# Pella French Door - Door Handle Sags *PIC*



## XSleeper (Sep 23, 2007)

First thing I would do is get some WD-40 specialist dry lube. Take the handle apart by removing the 2 screws to separate the two halves... set them on a towel so they dont get scratched and squirt it everywhere. Try not to get it on the finish of the door though... keep a rag handy to wipe off excess spray. Open the door, get on top, spray it down the 3 point lock from above and at every point along the side anywhere it looks like there may be a port. Spray the heck out of it. Operate the handle as you spray, shut the door, raise the handle up to engage the 3 point mechanism, open the door and repeat. Do this as many times as is necessary. Your thumb turn should free up easily by spraying the perimeter of the round mechanism. Not sure if it will help the handle spring back up, but the dry lube won't hurt. Just don't use regular wd-40. It's WD-40 specialist dry lube. 

If it doesn't help, the repairman was probably right, the mechanism probably is shot.


----------



## dd57chevy (Jun 21, 2015)

If lube doesn't fix it , there almost _has_ to be a spring that has sagged .

For $271 I would certainly remove it & at least take a peek !

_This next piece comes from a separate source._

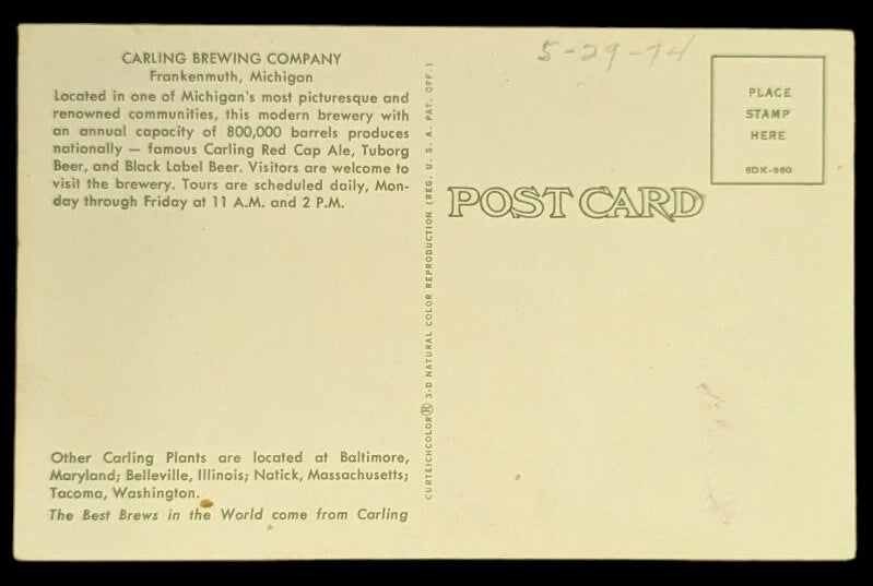 Back Info: Located in one of Michigan's most picturesque and renowned communities, this modern brewery with an annual capacity of 800,000 barrels produces nationally famous Carling Red Cap Ale, Tuborg Beer, and Black Label Beer. Visitors are welcome to visit the brewery. Tours are scheduled daily, Monday through Friday at 11 A.M. and 2 P.M.

If it is shot (& not repairable) , here is one that I _THINK_ is a match for a lot less :

https://www.ebay.com/itm/Brand-New-...22914341070?hash=item1c9e4400ce:g:ydwAAOSwLI1


----------



## XSleeper (Sep 23, 2007)

Yes, well it's a lot less because that is *just the handle*... not the 80" long 3 point mortise mechanism that fits into the entire door edge... and that is where the problem lies. Nothing is wrong with the handle.


----------



## dd57chevy (Jun 21, 2015)

You are _correct ,_ Sir ! My mistake .


----------